Intelligent machines, the cornerstone of Industry 4.0, possess various sensors for monitoring key processing and environmental parameters. These sensors demand additional power, while the machines often produce waste heat. Hence, we propose using a thermoelectric generator (TEG) to recover the waste heat and generate electricity to drive these sensors. A standard design for an atmospheric pressure plasma jet (APPJ) is demonstrated in this work. A so-driven multi-functional monitoring system monitors the processing temperature of the APPJ and air quality in the surroundings, transmits the data to cloud storage, and alarms if the temperature or air quality exceeds a preset value. We study three different arrangements of TEGs and find that double TEGs connected in series thermally and electrically generate the most power of 1.09 ± 0.0002 W at a current of 0.187 ± 0.002 A, which is sufficient to drive the monitoring system continuously.

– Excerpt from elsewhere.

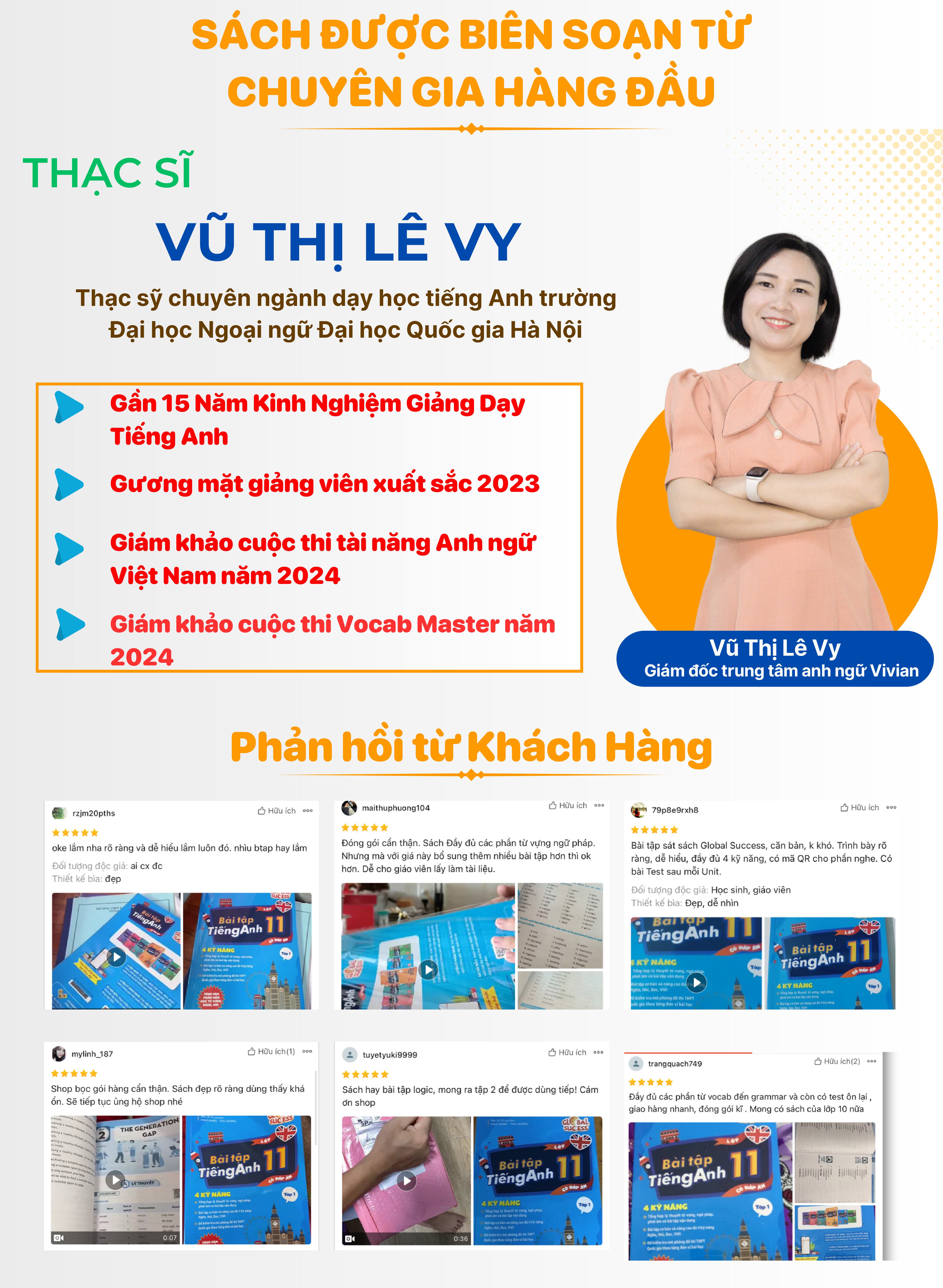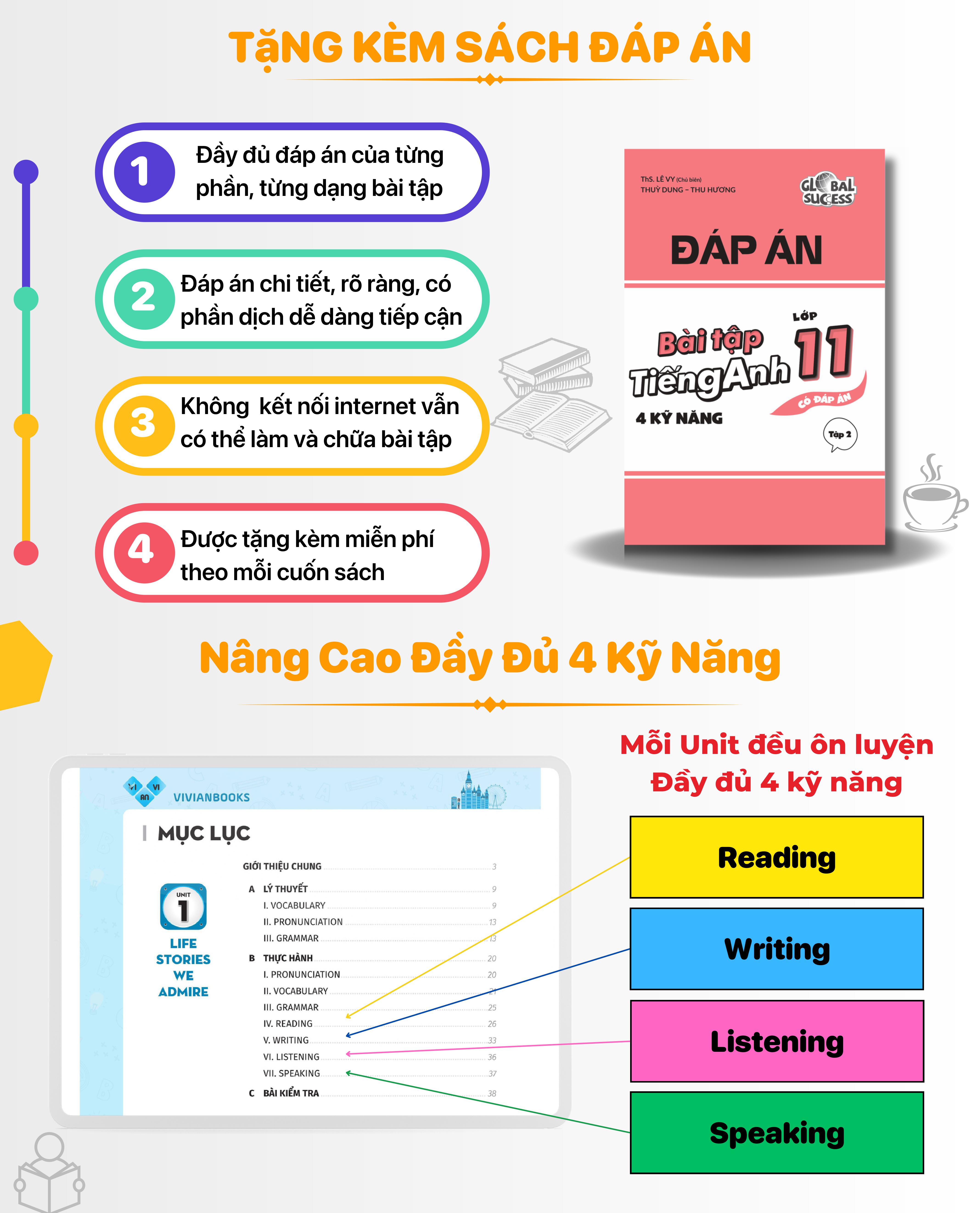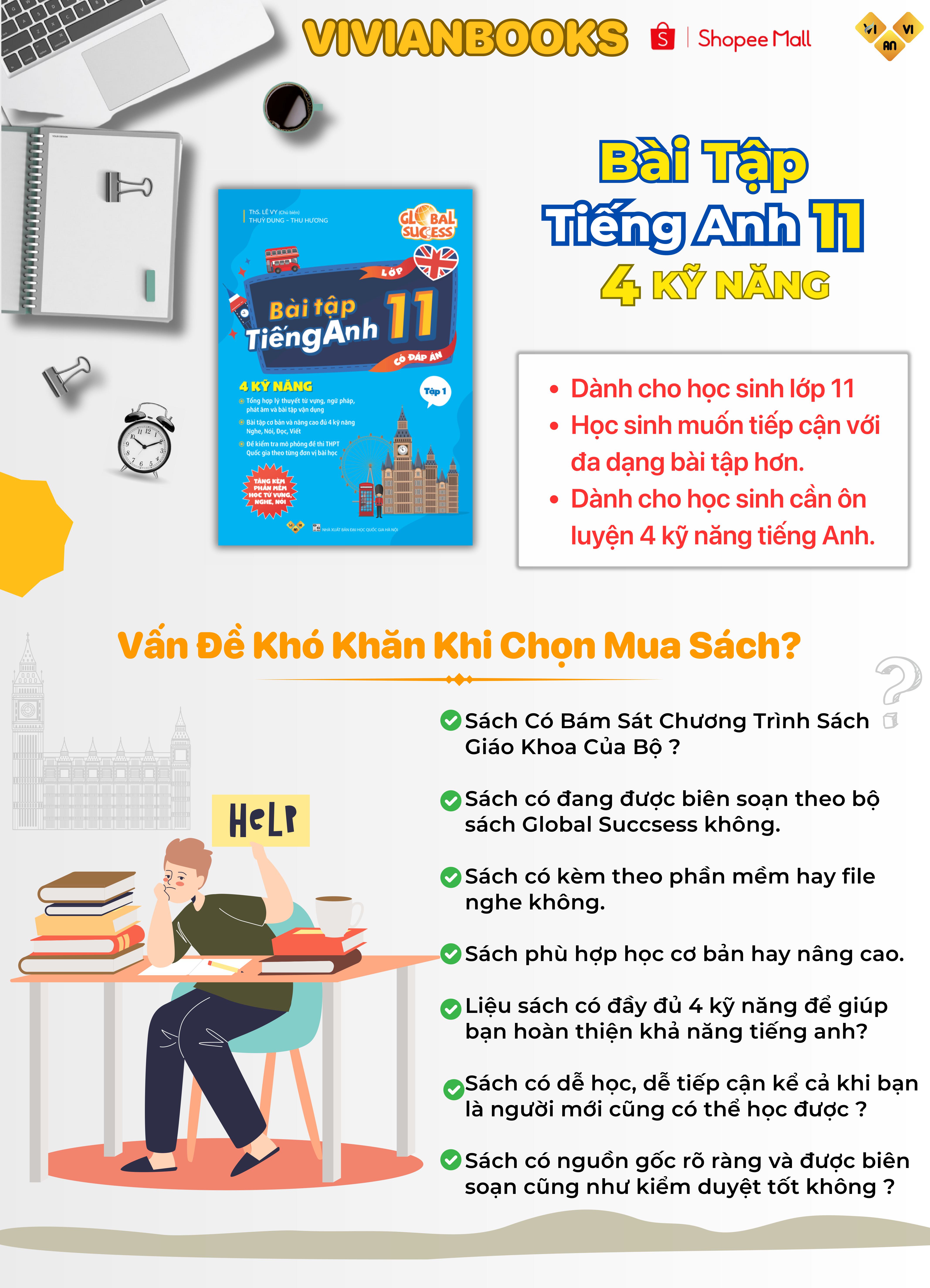 Cuốn sách Global Success - Bài tập tiếng Anh lớp 11, 4 kỹ năng (Có đáp án) - Tập 1 là sản phẩm của đội ngũ Anh ngữ Vivian và kiểm duyệt xuất bản tại NXB Đại học Quốc gia Hà Nội.

We also perform three-dimensional finite element transient thermal simulations to pre-assess the detailed temperature distribution for film-quality control and the potential for power generation. Our method can be readily applied to other machines with high waste heat for adding sensors/actuators without consuming extra power.

Suggested Citation

  • Hsu, Ping-Chia & Saragih, Ahmad Abror & Huang, Mei-Jiau & Juang, Jia-Yang, 2022. "New machine functions using waste heat recovery: A case study of atmospheric pressure plasma jet," Energy, Elsevier, vol. 239(PD).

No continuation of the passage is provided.